Sumerian "Kar-da" (Qardu) is recorded in the 3rd millennium BC and suggests a certain geography far away from the Central Asian steps-where Turks are believed to be originated-so any connection with any Turkic words is much more than far-fetched (let alone the fact that the oldest evidence of a Turkic speech dates back only to the 7th century-leaving any assumption with an additionally huge chronic gap of around 3000 years; also Turkic "qoruq*" is already attested in Kurdish, Persian and other new Iranian languages in form of "qoroq").


----------



## TobyAshworth

I'm very much not an expert on this, but surely the root can't be 'kartv-' since the Georgian word for the Georgian Language is ქართული,_ Kartuli, _which appears to have the root 'kart-'..?, and coming originally from the name of the supposed 'father' of Georgia, who was called Kartlos, hence the geographic region Kartli..
We now have the terms _Kartveli, _denoting a person Kartli/Georgia, and _Sakartvelo, _which comes from the circumfix Sa-X-o, with X being an ethnonym, meaning 'the area where X dwell', so the V must have been put in, meaning or not, to affect the root between _Kartli_ and _Kartveli.

_
Reading back over this I haven't really helped a lot.


----------



## TobyAshworth

Oh, and this looks interesting:
http://www.kartvfund.org.ge/index.php?act=page&id=33.58&lang=en


----------



## Jasmine05

Baku in Georgian is "Bako" and the person will be "Bakoeli", in case of Milan "Milani" in Georgian person will be Milaneli (i will be dropped).


----------



## Phosphorus

TobyAshworth said:


> I'm very much not an expert on this, but surely the root can't be 'kartv-' since the Georgian word for the Georgian Language is ქართული,_ Kartuli, _which appears to have the root 'kart-'..?, and coming originally from the name of the supposed 'father' of Georgia, who was called Kartlos, hence the geographic region Kartli..
> We now have the terms _Kartveli, _denoting a person Kartli/Georgia, and _Sakartvelo, _which comes from the circumfix Sa-X-o, with X being an ethnonym, meaning 'the area where X dwell', *so the V must have been put in, meaning or not, to affect the root between Kartli and *_*Kartveli*.
> 
> _
> Reading back over this I haven't really helped a lot.

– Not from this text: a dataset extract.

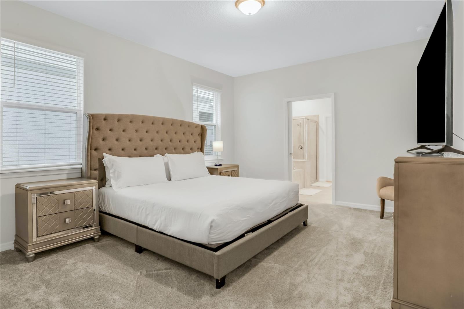 Seller motivated, Price improvement!!! Don't miss this opportunity. The best investment generating $40,000 a year of net income, 70% occupancy rate and the best location, all of this for less price better than new construction. Discover the ultimate opportunity in Windsor Island Resort with this freshly delivered, fully furnished, enchanting pool and spa home. Boasting this luxurious property offers a grand 2-story foyer, a well-appointed kitchen, and an expansive gathering room. Enjoy the outdoor space with a private pool, jacuzzi, and a luxurious covered lanai. The first floor features the primary suite and an additional guest suite, while upstairs includes 3 private suites, 2 sets of Jack-n-Jill suites. Meticulously crafted in 2023, this stunning home is located in a secure, gated resort community with amenities like a clubhouse, fitness center, lazy river, waterslides, and various sports courts. The Homeowners Association covers lawn maintenance, internet, cable, and daily valet trash service. Just minutes away from shopping, dining, and world-renowned attractions, this property is perfectly positioned for both relaxation and adventure. Whether you choose to make it your second home or a vacation rental investment or both, you will love this as-new luxury property close to Disney Parks, golf courses, and family-friendly activities. The resort amenities include a tavern/grill, tiki bar, fitness room, lazy river, mini-golf course, resort pool, hot tub, splash zone, and fire pit. Schedule your showing appointment now and turn this home into your dream-come-true!

That was really helpful Toby, thank you indeed.


----------



## Phosphorus

TobyAshworth said:


> Oh, and this looks interesting:
> http://www.kartvfund.org.ge/index.php?act=page&id=33.58&lang=en



Instructive link. Thanks again.


----------



## Phosphorus

Jasmine05 said:


> Baku in Georgian is "Bako" and the person will be "*Bakoeli*", in case of Milan "Milani" in Georgian person will be Milaneli (i will be dropped).

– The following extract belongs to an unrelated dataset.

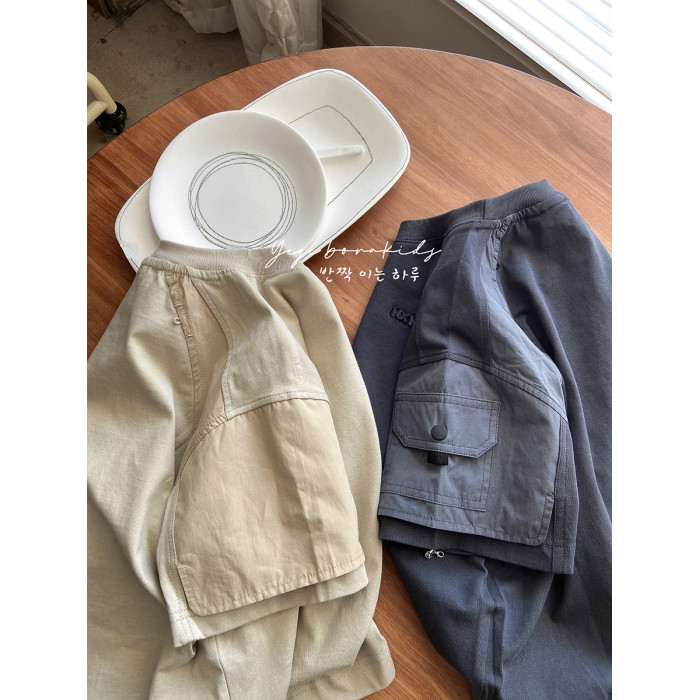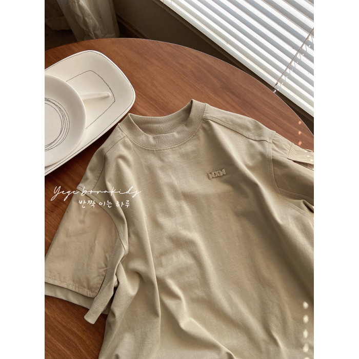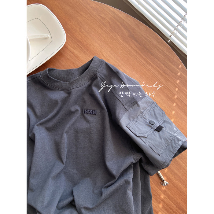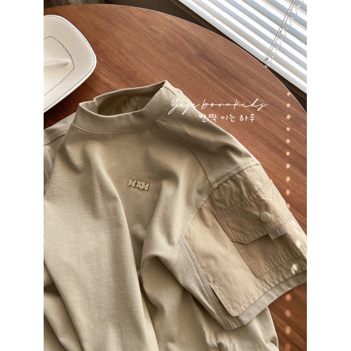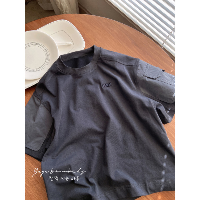 波拉bora韓國童裝男童t恤2025兒童工裝拼接夏短袖中大童女童上衣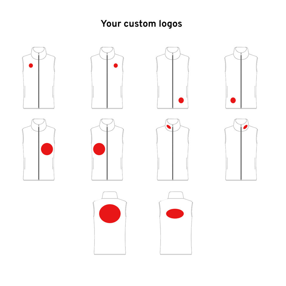 ตำแหน่งโลโก้:ด้านหน้า, ด้านหลัง, แขนเสื้อด้านซ้าย, แขนเสื้อด้านขวา, ขอบล่าง, หลังคอ

Thank you Jasmine05, that really helps.


----------



## TobyAshworth

In my link as above: 
'The ethnonym *Karet-i yields the stem Kart through the contraction of the vowel e, caused by the addition to it of the suffix of provenance -el and of the suffixes -ev or -av of geographical names. It has been hypothesized (Burchuladze 1999: 128) that Kartveli and Kartli were derived independently from the Kart stem: *Kart-ev-el-i // *Kart-av-el-i > Kartveli. *Kart-el-i > Kartli. The latter hypothesis is supported by the Megrelian and Laz Kortu (Kort-u=Kart-el): Kort is a regular correspondence of Georgian Kart, and as has been observed (Gamkrelidze and Machavariani 1965: 89-93; see Boeder 1982), the Zanian -u is a transformation of the Georgian -el suffix.'

I'm not sure on the provenance of this, but it seems like a fairly conclusive conclusion about the origin of the -v- in Kartveli.


----------